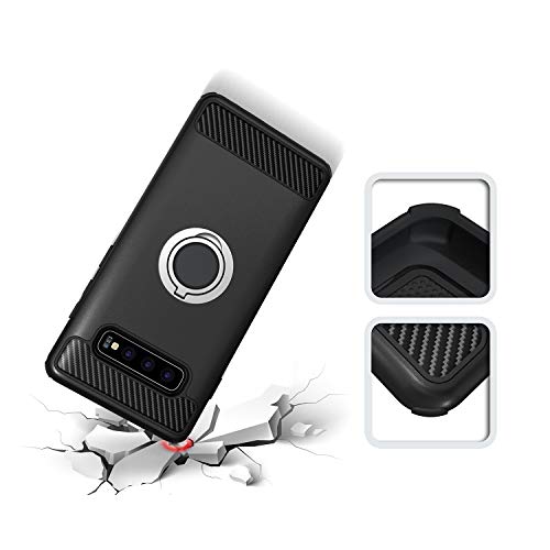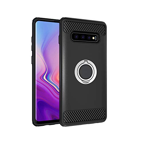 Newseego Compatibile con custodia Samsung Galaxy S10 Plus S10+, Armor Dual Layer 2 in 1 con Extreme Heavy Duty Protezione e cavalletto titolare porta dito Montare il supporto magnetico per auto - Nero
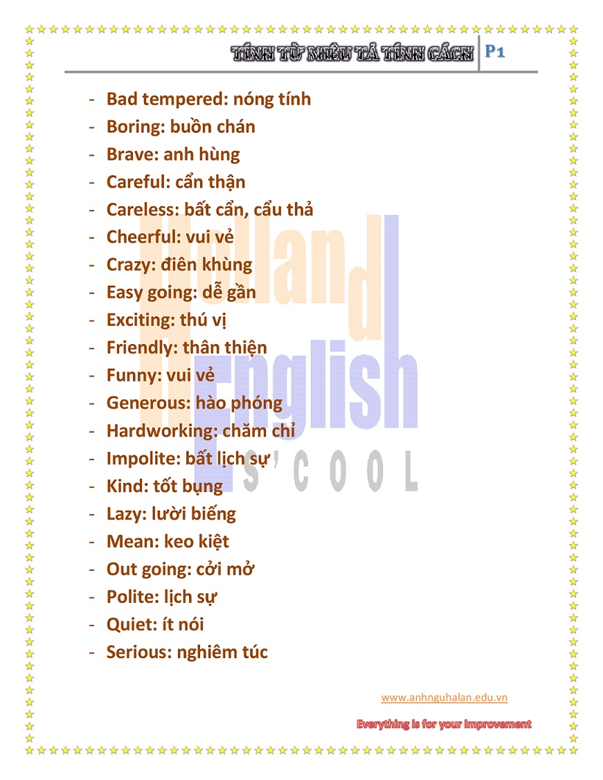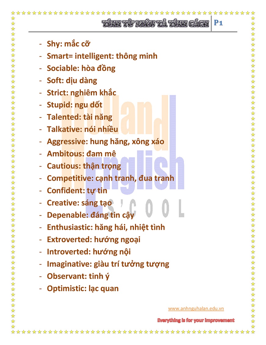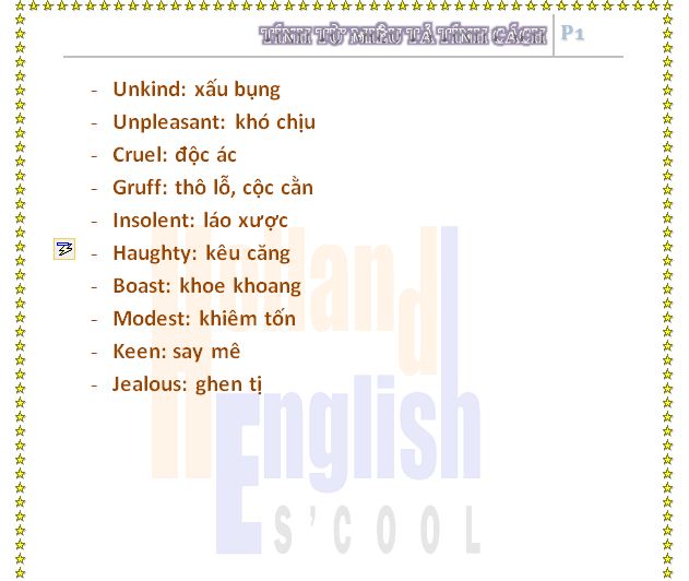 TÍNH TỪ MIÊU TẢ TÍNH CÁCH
************
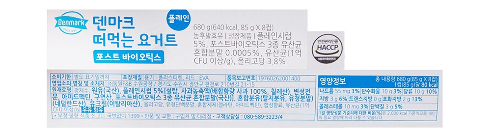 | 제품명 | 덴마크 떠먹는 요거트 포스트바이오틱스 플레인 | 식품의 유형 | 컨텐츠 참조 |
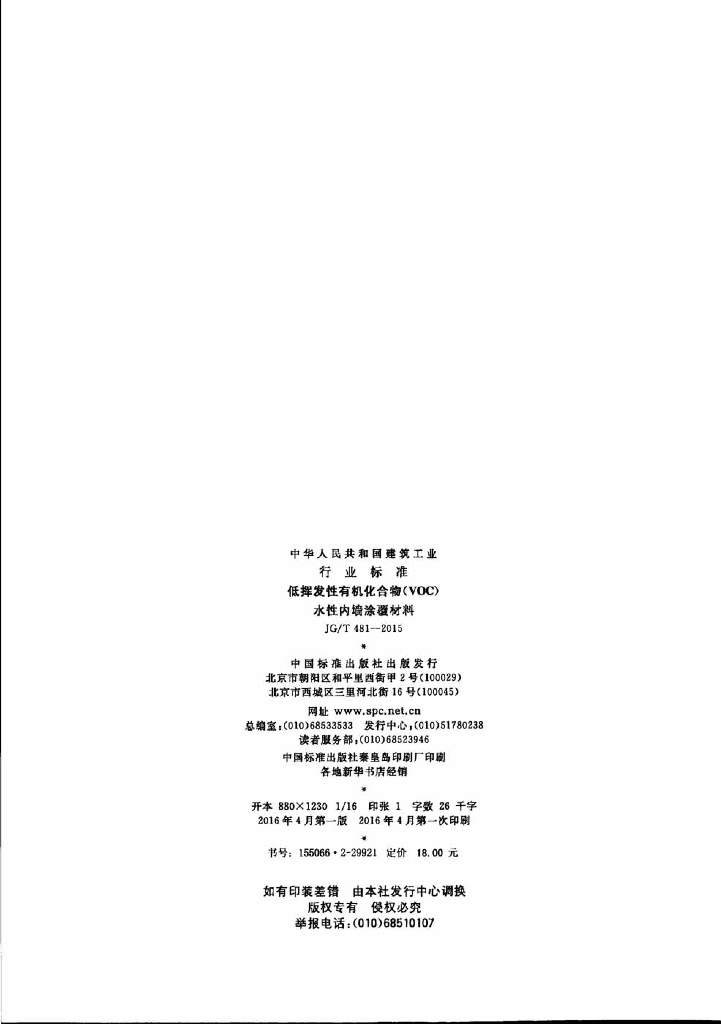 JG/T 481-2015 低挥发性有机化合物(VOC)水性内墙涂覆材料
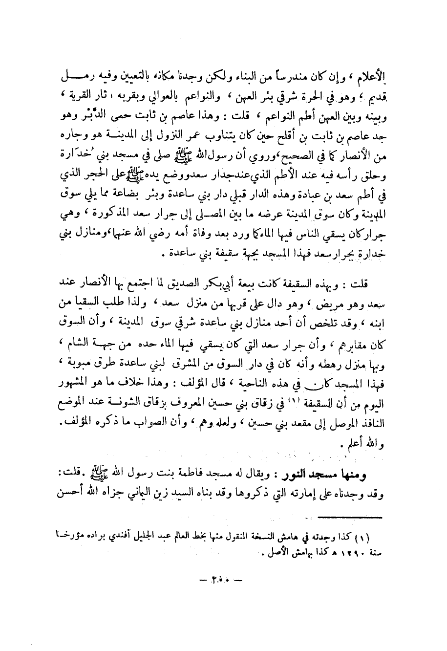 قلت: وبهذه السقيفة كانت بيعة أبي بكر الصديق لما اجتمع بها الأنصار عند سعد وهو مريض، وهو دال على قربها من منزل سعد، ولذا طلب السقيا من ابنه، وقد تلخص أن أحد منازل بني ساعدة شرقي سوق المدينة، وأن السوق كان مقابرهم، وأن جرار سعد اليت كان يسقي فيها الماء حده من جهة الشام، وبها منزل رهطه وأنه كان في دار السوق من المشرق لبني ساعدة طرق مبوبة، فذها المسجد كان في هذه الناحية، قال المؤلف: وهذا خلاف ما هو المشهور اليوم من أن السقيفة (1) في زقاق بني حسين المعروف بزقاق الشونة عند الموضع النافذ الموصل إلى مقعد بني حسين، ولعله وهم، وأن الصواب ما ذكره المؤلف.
************
What the task asks
Among the entries above, find the line with "Newseego Compatibile con" and repeat exactly from there through the line with "TÍNH TỪ MIÊU TẢ TÍNH CÁCH", leaving out the pictures.

Response box
 Newseego Compatibile con custodia Samsung Galaxy S10 Plus S10+, Armor Dual Layer 2 in 1 con Extreme Heavy Duty Protezione e cavalletto titolare porta dito Montare il supporto magnetico per auto - Nero
 TÍNH TỪ MIÊU TẢ TÍNH CÁCH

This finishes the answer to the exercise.